Graphs are one of the most common data structures in computer science; graph-based modeling of problems is at the heart of many systems we use every day, such as routing in Google Maps or recommending friends on Facebook.

Social Network Analysis (SNA) is a branch of sociology that explores social structures through the use of analytical tools, such as graphs. In this assignment, you will implement basic social network analysis algorithms on a graph extracted from GitHub.

You can find the graph data at this link. The data looks like this (CSV format):

follower,followed
1570,9236
9236,1570
13256,9236
9236,13256
13256,1570
1570,13256

If we take the first line, it means that user 1570 follows user 9236.

Loading the graph

T (10 points): Write a function that takes as input a file name and loads the data into an adjacency list representation.

In [ ]:
def load(graph_file='github.csv'):
    """
    Loads the data from the file in the provided argument into an in-memory
    graph (as an adjacency list)
      """
    pass

Test your implementation:

From now on, you must use the graph returned by load in all the assignments below.

Basic graph metrics

T (10 points): Who are the 10 most connected users?

In [ ]:
def in_degree(graph, node_id):
    pass

def most_connected(graph, n = 10):
    """Returns the ids of the top-n most connected users"""
    pass
    

Hint: it helps if you first define a method called in_degree that calculates the number of incoming edges in to a node.

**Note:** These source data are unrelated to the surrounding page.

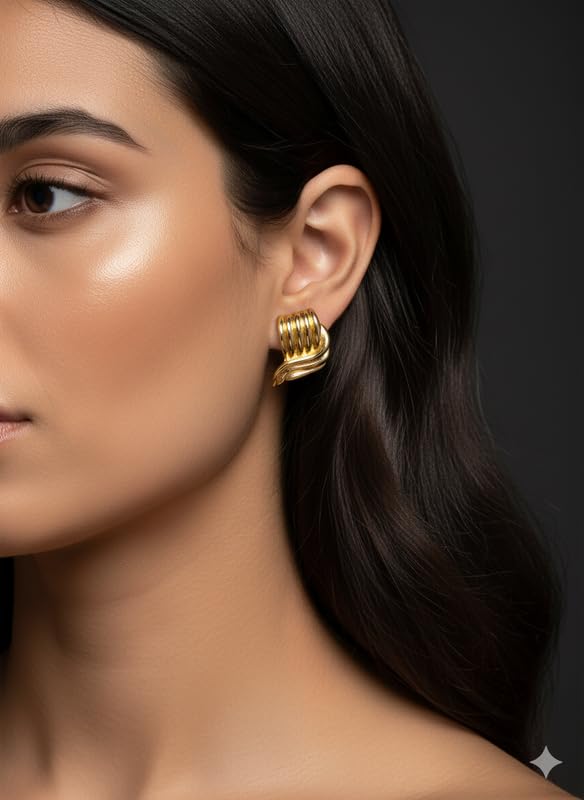 OKAN - اوكان اقراط فيونكة للنساء، مقاس M، لون ذهبي (ra298)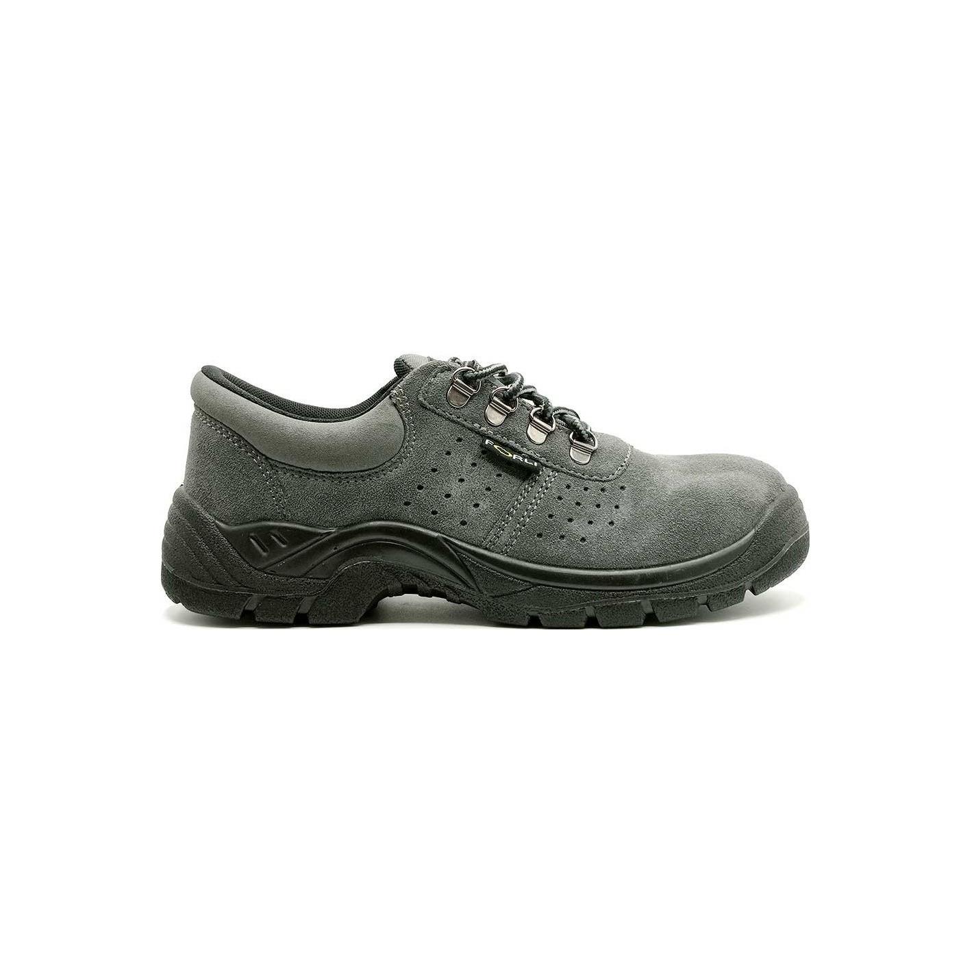 Suela: PU/PU doble densidad. Forro: Material de base poliamida antialérgico. Corte: piel acabado serraje. Plantilla: antiperforación. Puntera: de acero.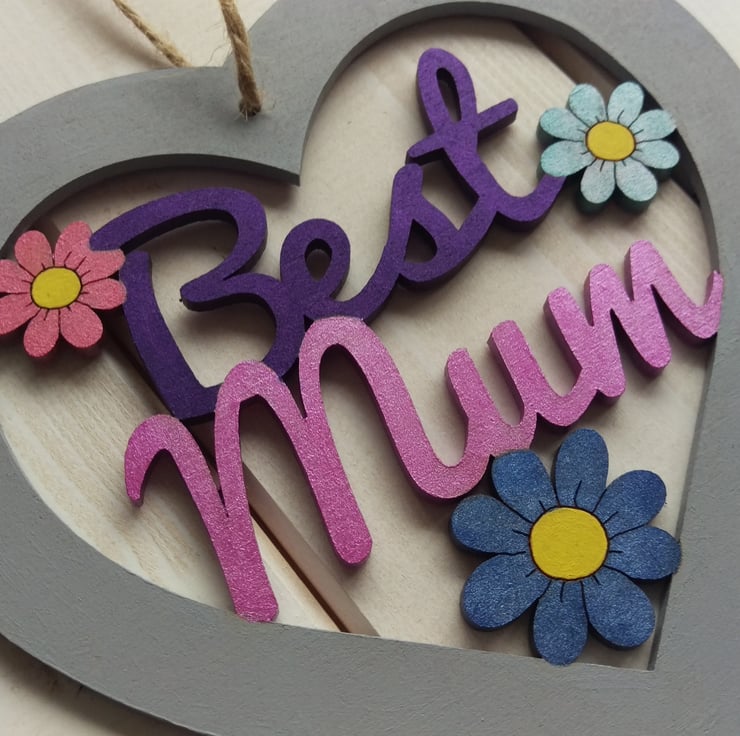 Mdf hanging heart with slogan " Best Mum.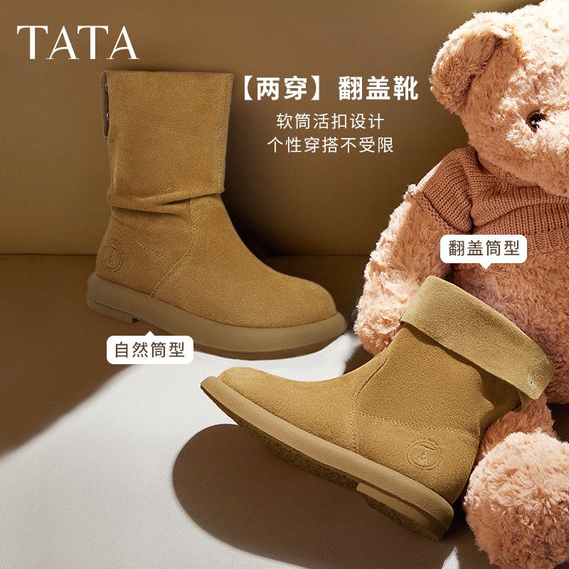 📚 TATA他她小熊靴2025新款加绒西部靴短靴堆堆靴时装靴子CGY01DS4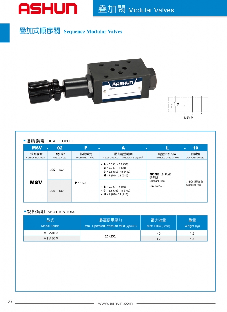ASHUN疊加式順序閥常規(guī)型號(hào)參考:MSV-02P-A-10 , MSV-02P-A-L-10 , MSV-02P-B-10 , MSV-02P-B-L-10 , MSV-02P-C-10 , MSV-02P-C-L-10 , MSV-02P-H-10 , MSV-02P-H-L-10 , MSV-03P-B-10 , MSV-03P-B-L-10 , MSV-03P-C-10 , MSV-03P-C-L-10 , MSV-03P-H-10 , MSV-03P-H-L-10

T (10 points): What is the mean and what is the median number of connections?

Computing shortest paths

Shortest paths are the basis for many network measures. You will need to implement Dijkstra algorithm.

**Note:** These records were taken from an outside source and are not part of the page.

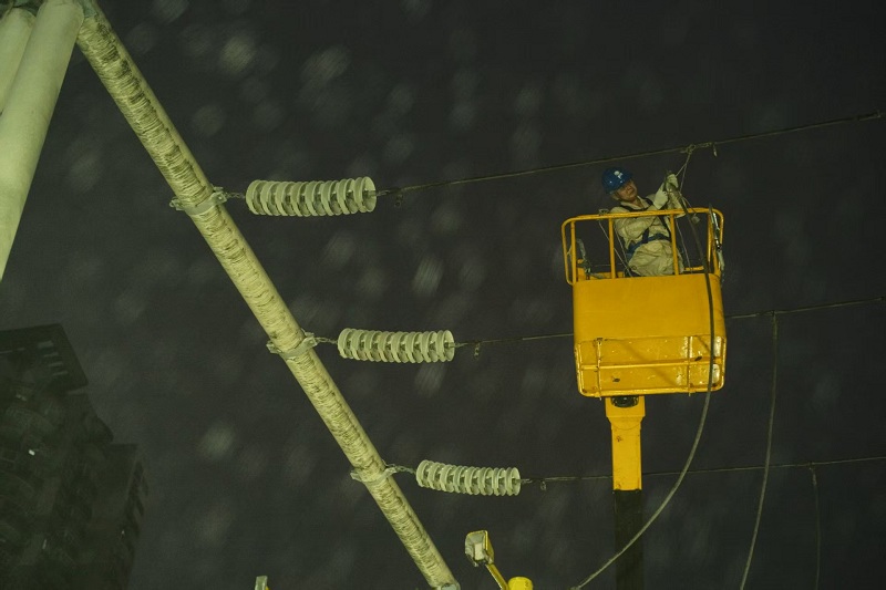 国网重庆市区供电公司员工在沙坪坝光荣坡社区紧急消缺10千伏受损线路。(韩薇 摄)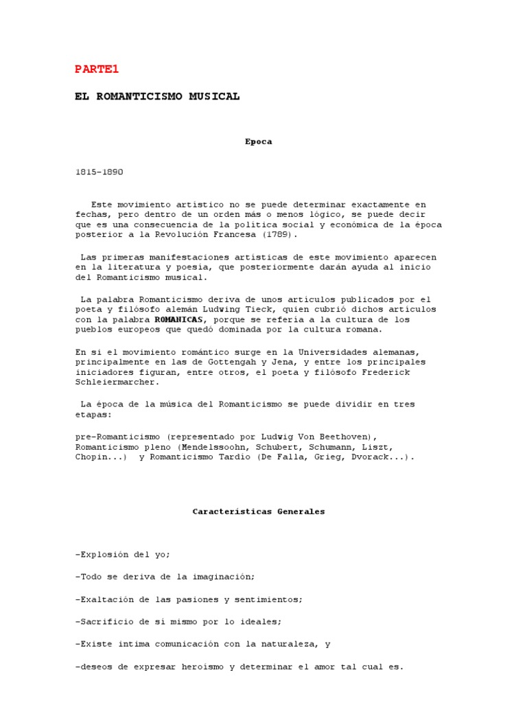 Este movimiento artstico no se puede determinar exactamente en fechas, pero dentro de un orden ms o menos lgico, se puede decir que es una consecuencia de la poltica social y econmica de la poca posterior a la Revolucin Francesa (1789). Las primeras manifestaciones artsticas de este movimiento aparecen en la literatura y poesa, que posteriormente darn ayuda al inicio del Romanticismo musical. La palabra Romanticismo deriva de unos artculos publicados por el poeta y filsofo alemn Ludwing Tieck, quien cubri dichos artculos con la palabra ROMANICAS, porque se refera a la cultura de los pueblos europeos que qued dominada por la cultura romana. En si el movimiento romntico surge en la Universidades alemanas, principalmente en las de Gottengah y Jena, y entre los principales iniciadores figuran, entre otros, el poeta y filsofo Frederick Schleiermarcher. La poca de la msica del Romanticismo se puede dividir en tres etapas: pre-Romanticismo (representado por Ludwig Von Beethoven), Romanticismo pleno (Mendelssoohn, Schubert, Schumann, Liszt, Chopin...) y Romanticismo Tardo (De Falla, Grieg, Dvorack...).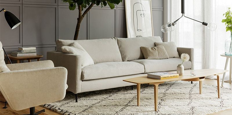- Minimalistisches 3-Sitzer-Sofa mit schlichter Form.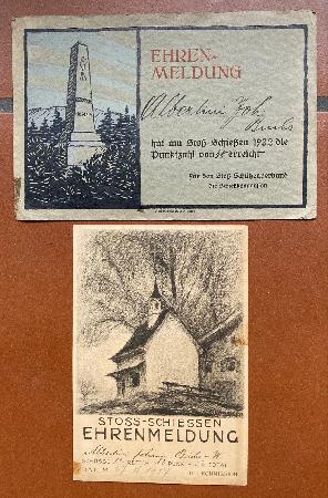 Stoss (2 Sammlerkarten) Stoss Schützenverband, Ehrenmeldung 1932 Stoss-Schiessen, Ehrenmeldung 1937 Zwei originale Ehrenmeldungen. Seltene Sammlerstücke mit historischem Wert! Die Karten weisen leichte Gebrauchsspuren auf. Ideal für Sammler von Militaria, Schützenvereine oder Geschichtsinteressierte. Privatverkauf: keine Garantie und keine Rücknahme. Twint auf Anfrage möglich. Zuzüglich Versandkosten: CHF 1.50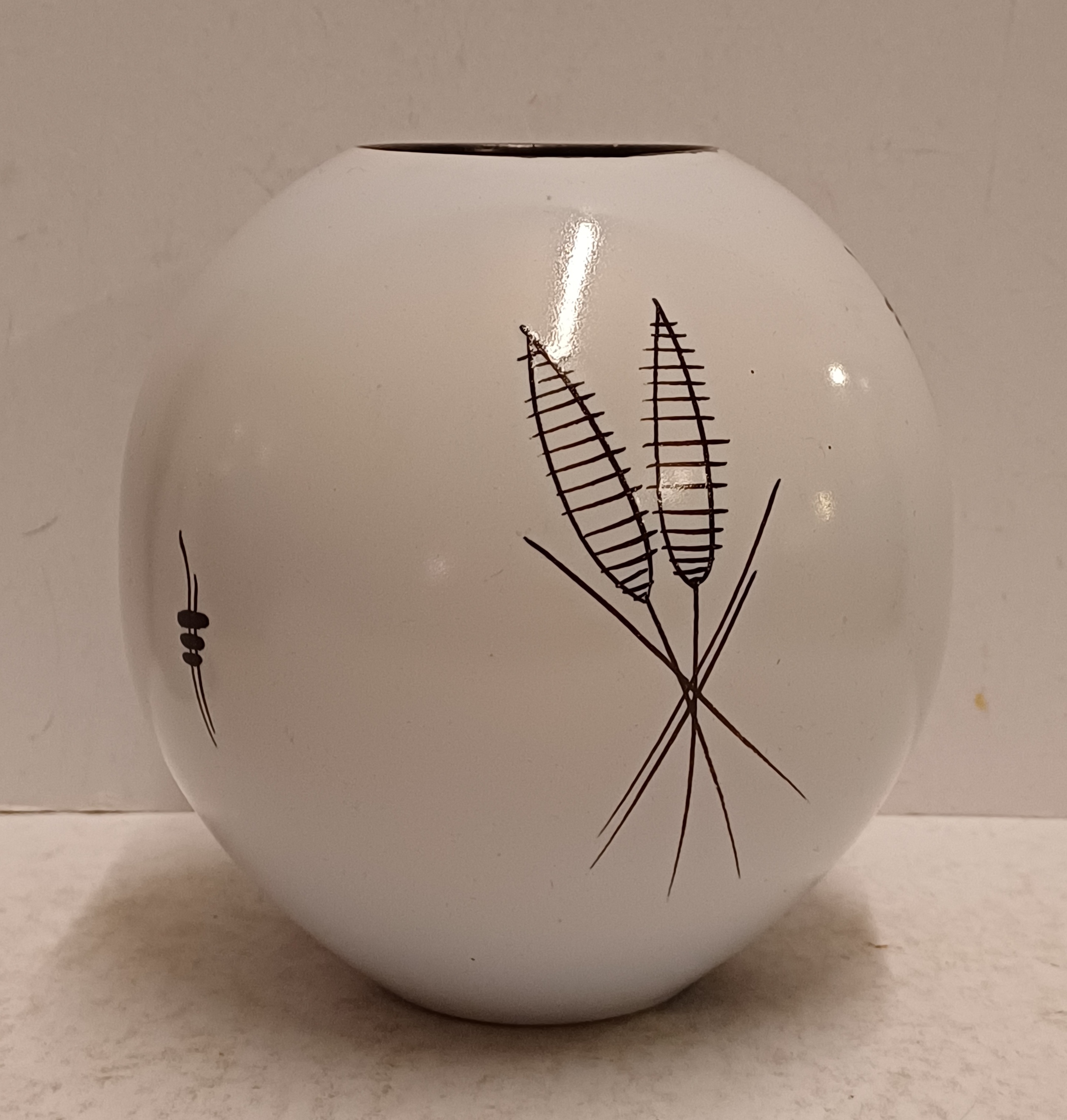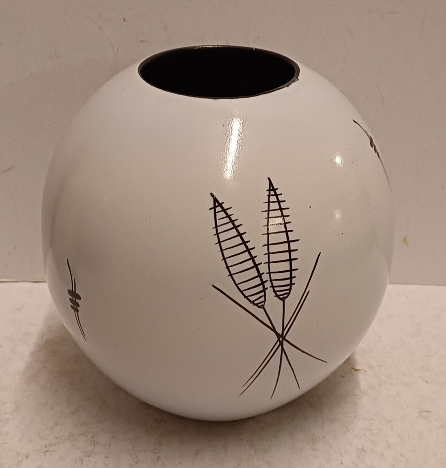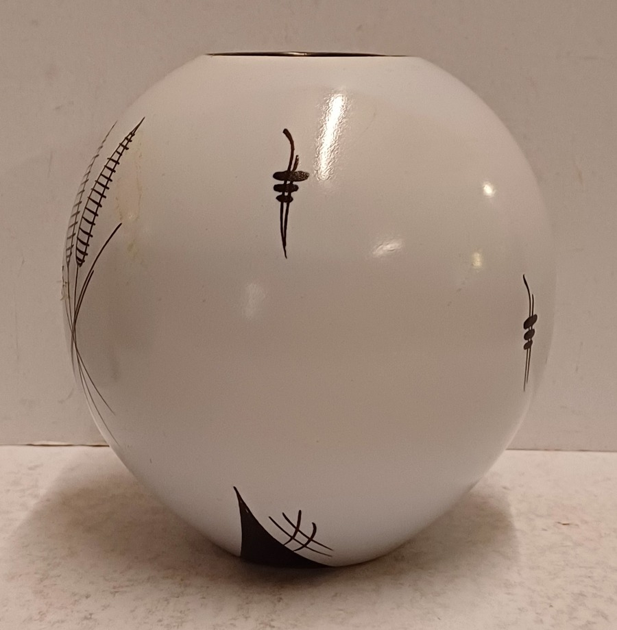 Platelen vaas met decor Capri op grijs fond. Onderzijde met fabrieksmerk en modelnummer.

T (20 points): Write a function that computes the shortest paths between all node pairs in the graph.

Hint: Choose the appropriate shortest path algorithm for undirected graph with no edge weights. A pair of nodes $(n_1, n_2)$ is, for our purposes, equivalent to the pair $(n_2, n_1)$.

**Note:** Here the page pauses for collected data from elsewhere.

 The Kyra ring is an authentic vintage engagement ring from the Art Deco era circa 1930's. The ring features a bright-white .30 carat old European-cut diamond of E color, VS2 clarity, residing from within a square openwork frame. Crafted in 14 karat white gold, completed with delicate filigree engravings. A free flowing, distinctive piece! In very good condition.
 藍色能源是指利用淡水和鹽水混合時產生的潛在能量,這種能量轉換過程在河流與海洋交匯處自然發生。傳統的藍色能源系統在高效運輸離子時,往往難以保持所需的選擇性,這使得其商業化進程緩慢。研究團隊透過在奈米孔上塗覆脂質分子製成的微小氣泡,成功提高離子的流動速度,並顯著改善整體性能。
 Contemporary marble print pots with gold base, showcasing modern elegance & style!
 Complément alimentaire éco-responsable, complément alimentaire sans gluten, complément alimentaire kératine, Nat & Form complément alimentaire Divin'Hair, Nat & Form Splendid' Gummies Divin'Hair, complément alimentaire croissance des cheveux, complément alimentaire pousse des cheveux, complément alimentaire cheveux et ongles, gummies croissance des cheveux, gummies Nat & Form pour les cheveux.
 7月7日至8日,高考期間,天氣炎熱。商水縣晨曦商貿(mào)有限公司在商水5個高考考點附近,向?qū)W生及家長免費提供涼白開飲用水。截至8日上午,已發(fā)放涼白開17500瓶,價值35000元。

Hint: How to find all unique node pairs? Given that you create a non-duplicate list of all your nodes, you can use Python's itertools.combinations function like so:

{python}
from itertools import combinations
a = [1,2,3,4,5]
pairs = list(combinations(a, 2))
print pairs
In [ ]:
def shortest_path(graph, source):
    pass

def shortest_paths(graph):
    """
    Computes the shortest paths between any pair of nodes in the graph
  
    @return A dictionary whose keys are node pairs and values are sequences
    indicating the shortest path between the node pair.
    """
    pass

Print the first 10 paths here:

Ranking important users

One of the primary uses of SNA is to identify important/influencial nodes. A typical metric we use to quantify the importance of a node is centrality. Several centrality measures exist; for our purposes it is enough to calculate the Betweeness Centrality of each node. The pseudocode to calculate it is given below.

To compute the betweenness of a node $n$

  1. For each pair of nodes $(v1, v2)$, compute the shortest paths between them
  2. For each pair of nodes $(v1, v2)$ determine the fraction of shortest paths that include $n$
  3. Sum this fraction over all pairs of vertices $(v1, v2)$

T (30 points): Write a function that computes the Betweenness centrality for all nodes in the provided network

In [ ]:
def betweenness(graph):
    pass

T (10 points): Use the function above to rank the nodes (users) in terms of importance and print 10 most important users with their importance.